Warren Shoulberg PUBLISHER/EDITORIAL DIRECTORWarren Shoulberg PUBLISHER/EDITORIAL DIRECTOR
YOU KNOW A LL ABOUT El Niño and La Niña and all the other weather patterns out there that seem to wreck havoc with the climate.
     Well, perhaps you are less familiar with another climatic occurrence we've seen an awful lot of over the past few years: El NoNo.
     Never heard of it? Sure you have. In fact, depending on your place on the product food chain of the home business, you've been a prime cause of it or a suffering victim ... maybe even both.
     Just like El Niño and El Niña, the El NoNo weather pattern has been defined by one prevailing wind characteristic: When a price increase is discussed, it is blown away - quickly and decisively.

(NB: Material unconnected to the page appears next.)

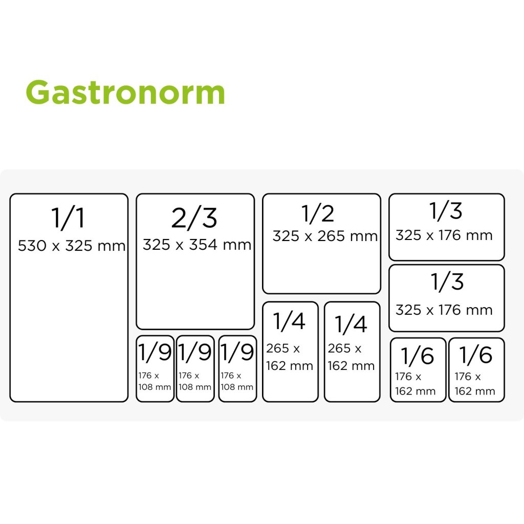 Označení GN (GastroNorm) je mezinárodně uznávaný standard pro velikosti gastronádob, který usnadňuje organizaci, skladování a práci v profesionálních i domácích kuchyních. Díky kompatibilitě tak snadno zapadnou do výdejních linek, lednic, mikrovlnek i chladicích vitrín.

     But unlike its namesake climatologic partners, El NoNo has not lasted a scant year or two and then moved on to some other weather zone. It has been lumbering over the home business for the better part of a decade. Probably longer.

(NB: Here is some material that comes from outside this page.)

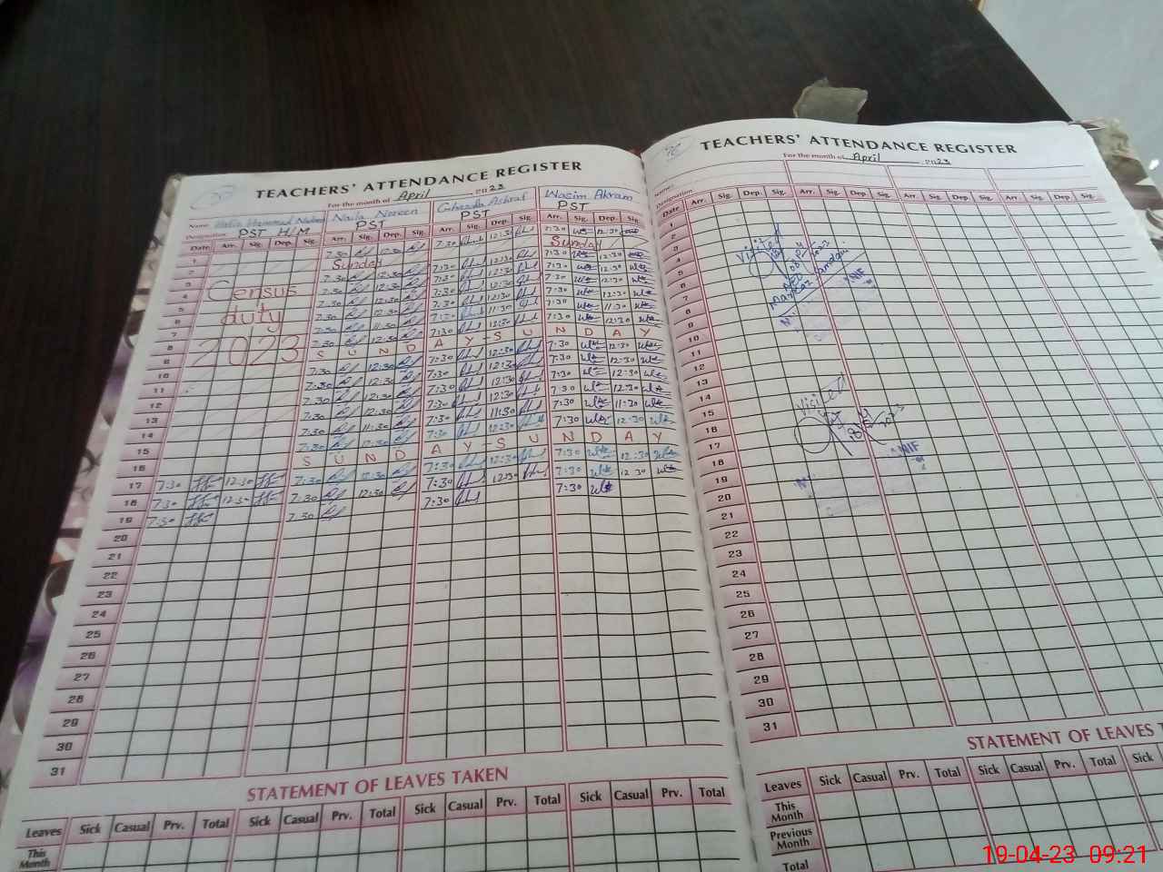 | Leave | Duty | Absent | Maternity | Medical | Ex- Pak |

     It's been at least that long since the industry has had any real discussions about raising prices. In fact, with Asian imports looming ever larger, product de-specing running amok at a frightening pace and the basic laws of supply and demand coming into play, prices have largely gone down, not up.

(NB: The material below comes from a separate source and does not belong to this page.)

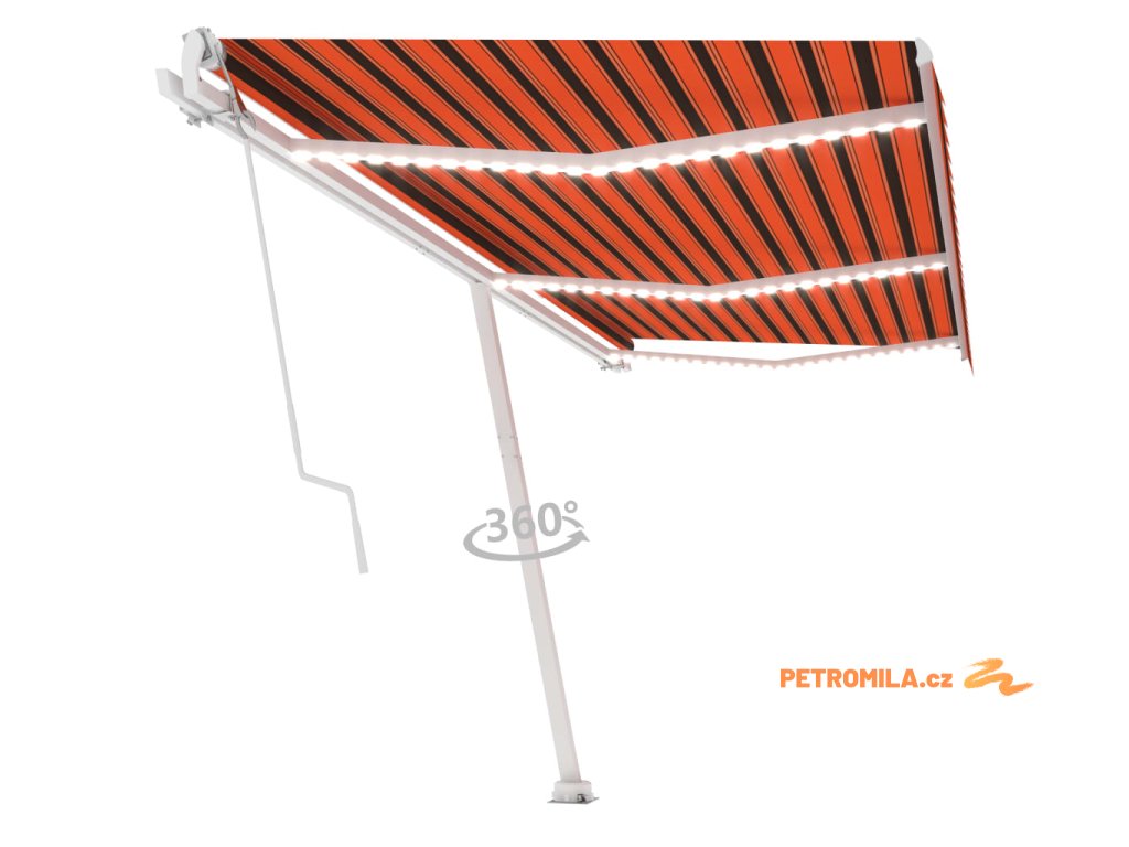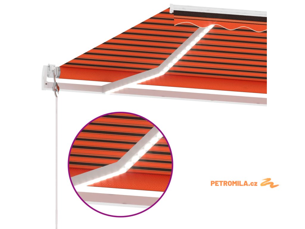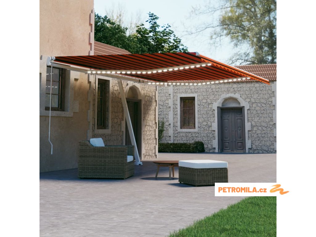 Automatická markýza LED a senzor větru 600x300 cm oranžovohnědá

     If you ever thought a home textiles product price was too high, all you had to do was wait a minute and a new, lower one would be coming right along.
     The length and depth of all of this has produced an entire generation of retail buyers and merchandising staffs that has never been approached with higher prices, much less had to implement them. This generation is affectionately known as Generation No.
     Generation No operating in a climate dominated by El NoNo produced a decade-long perfect storm of resistance to the very idea of increased prices. And to be fair, this is not unique to the home textiles industry: Most consumer products cost less than they did ten years ago.
     But the winds are clearly shifting. The sheets have hit the fan and the climate patterns are changing. OK, enough metaphors: All of this textiles stuff is going to cost more.
     At the most recent market in New York, there were real legitimate discussions about price increases. Not about if, but about how much.
     So, what's the forecast for the coming business climate? (Yes, back to the weather wordplay.) Frankly, predicting how this all turns out is likely to be about as accurate as the guy on the TV weather report. There are just too many variables and not enough historical data to make totally believable statements.
     That's a big part of the problem. Neither the retailer nor the consumer has had to deal with any of this for so very long that they are simply not prepared. Back in the days when there were annual price increases, you could just go back and say, well, this is how we did it last time, we'll just do the same thing this time.
     For sure, everyone will be watching the leaders to see how they handle things. Walmart, despite its recent merchandising meanderings, remains the poster child for pricing and it sets the floor in the marketplace. Further up the ladder, Kohl's and Macy's are the ones to watch.
     As they get their pricing patterns established, the others will fall into place and it's going to be fascinating to see how all those patterns play out.
     Which of course practically begs the question: Do you need to be a weatherman to know which way the pricing winds blow?